Time-series of quadrotor states and control outputs for the same single-waypoint flight path shown above, generated using the best performing RL checkpoint.

Problems Encountered

The main challenge was selecting the best trained policy among multiple training runs.

Solutions / How Issues Were Addressed

I trained up to 15 million time steps and saved checkpoints every 100,000 steps. Using TensorBoard, I compared cumulative reward trends and selected the policy with the highest overall performance and most consistent improvement.

July 2025

July: RL Foundations & Initial PPO Waypoint Tracking

Work Carried Out

In July, I focused on building a strong theoretical and practical foundation in Reinforcement Learning (RL). I followed a YouTube series on RL fundamentals and completed an Udemy course to strengthen core concepts and implementation details. I also reviewed four research papers on RL-based control for aerial manipulators to understand prior work, common challenges, and evaluation practices.

In parallel, I studied quadrotor dynamics and implemented custom RL environments using the Gymnasium library. I developed an initial quadcopter environment and trained a PPO (Proximal Policy Optimization) agent to perform a simple waypoint-following task in a Python-based simulation.

As part of this implementation, I built an RL-based controller for autonomous navigation with a focus on training stability. The environment uses scaled observation states to improve convergence during PPO training. The state space was defined as a 17-dimensional vector including position, velocity, attitude (quaternion), body rates, relative position to the current waypoint, and a final-waypoint flag.

The reward function was designed to encourage stable and goal-directed motion. It included a distance-to-waypoint penalty, velocity and body-rate penalties to promote smooth flight, and a time-step penalty to encourage faster completion. Progress rewards and waypoint-arrival bonuses were added to guide the agent through the path, along with a final stopping bonus based on low linear and angular speed. Strong penalties were applied for crashes to discourage unsafe behavior.

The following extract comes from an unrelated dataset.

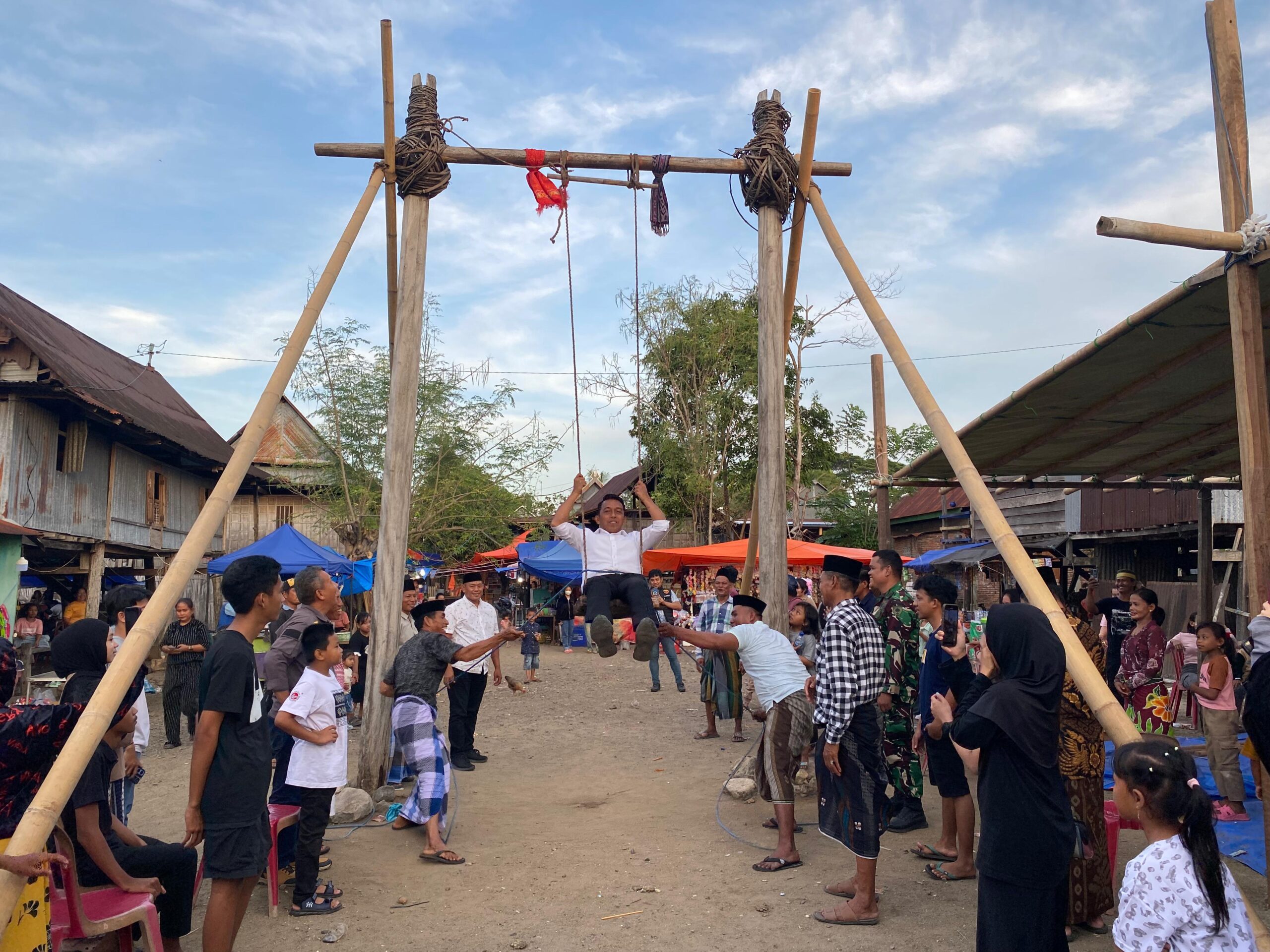 Acara yang digelar oleh Wa Sadaria sebagai tuan rumah juga diisi tradisi mattojang. Bupati Syaharuddin Alrif turut mencoba ayunan ukuran besar tersebut.

Additionally, I researched different simulation tools and their requirements, including AirSim, Isaac Sim, and PyBullet, to evaluate potential alternatives to Gazebo for future integration and testing.

Problems Encountered

The main challenge was the absence of a complete simulation environment for realistic testing. This slowed down early experimentation and iteration.

How I Addressed the Issues

As a temporary solution, I used a Python-based quadrotor simulator from GitHub to validate and debug the PPO training pipeline. This enabled faster iteration and helped confirm that the environment design and training setup were working correctly.